Mothers Movement Online, July 2004.
A Season to Bleed

 

Chemically altering women’s bodies and mentally altering perceptions of “normal”

by Lizbeth Finn-Arnold

I’ll be the first one to admit that getting my monthly period is a veritable pain in the you-know-what. It always seems to come at the least convenient time, and brings with it unwelcome cramps, headaches, fatigue, bloating, and the blues. As busy women, competing in a man’s world, with no time to slow down, our periods are generally unwanted intrusions. As distracted moms, our periods are just one more inconvenience. Face it, there is no good time to bleed.

So you would think that I would be ecstatic to learn that in September 2003, the Food and Drug Administration approved a drug that for all intents and purposes, may abolish monthly bleeding from our lives. But I’m not. In fact, I find it appalling that U.S. pharmaceutical companies can brazenly promote the chemical alteration of our female bodies for profit, with very little opposition or public discussion. Instead, they promise a pill that will “liberate us”; yet completely ignore the way this magical pill can negatively impact our cultural perceptions of what is normal, natural, and acceptable for women’s bodies.

Produced by Barr Laboratories, Inc., in Woodcliff, New Jersey, “Seasonale®” is being marketed as the first “extended-cycle birth control pill.” According to a company press release, “The Seasonale regimen is designed to reduce the number of periods from 13 to 4 per year. Seasonale is a 91 day regimen taken daily as 84 active tablets of 0.15 mg of levonorgestrel/0.03 mg of ethinyl estradiol, followed by 7 inactive tablets.” As a result, women will no longer have lunar cycles; but find themselves with four “seasonal cycles” of bleeding.

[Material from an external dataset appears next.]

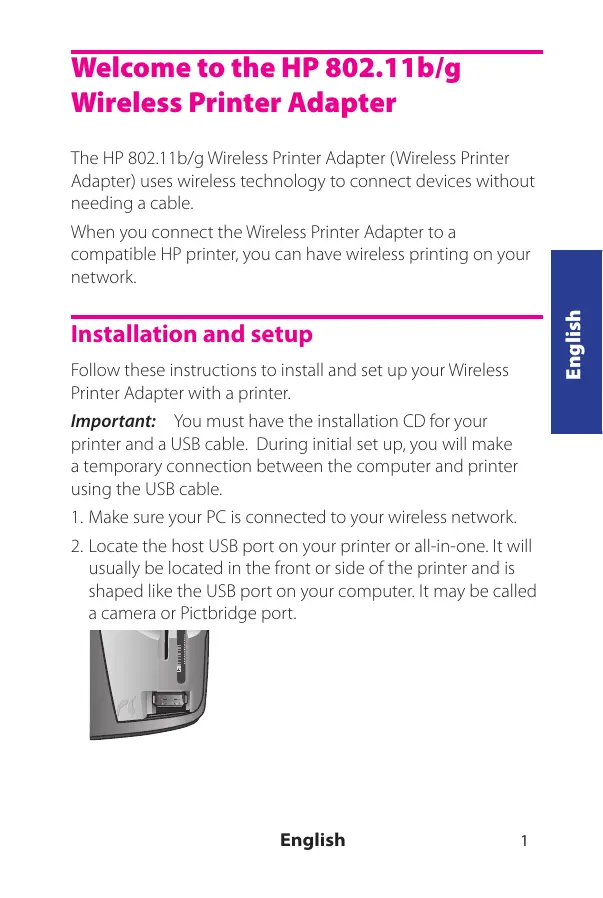 Follow these instructions to install and set up your Wireless Printer Adapter with a printer. Important: You must have the installation CD for your printer and a USB cable. During initial set up, you will make a temporary connection between the computer and printer using the USB cable. 1. Make sure your PC is connected to your wireless network. 2. Locate the host USB port on your printer or all-in-one. It will usually be located in the front or side of the printer and is shaped like the USB port on your computer. It may be called a camera or Pictbridge port.

According to WebMD Medical News, Dr. Paul Norris, a professor of obstetrics/gynecology at the University of Miami School of Medicine stated that “This probably is the first step of a progression towards yearly ....periods, maybe longer.”

Seasonale® is touted as being especially beneficial to women who suffer from severe premenstrual symptoms. “It’s definitely not for everyone,” Norris continued. “But for women who have cyclic problems, who are anemic, have symptomatic fibroids, and for women who are very active and just don’t want to be bothered by periods, it’s good news.”

And good news for Barr Laboratories, a company that stands to make billions of dollars if they can convince women that their periods are an inconvenience that they can live without. Seasonale® is Barr’s first internally developed New Drug Application (NDA) product to gain FDA approval and therefore is incredibly important to the company that “currently ranks as the third largest manufacturer and marketer of oral contraceptive products in the U.S. marketplace.”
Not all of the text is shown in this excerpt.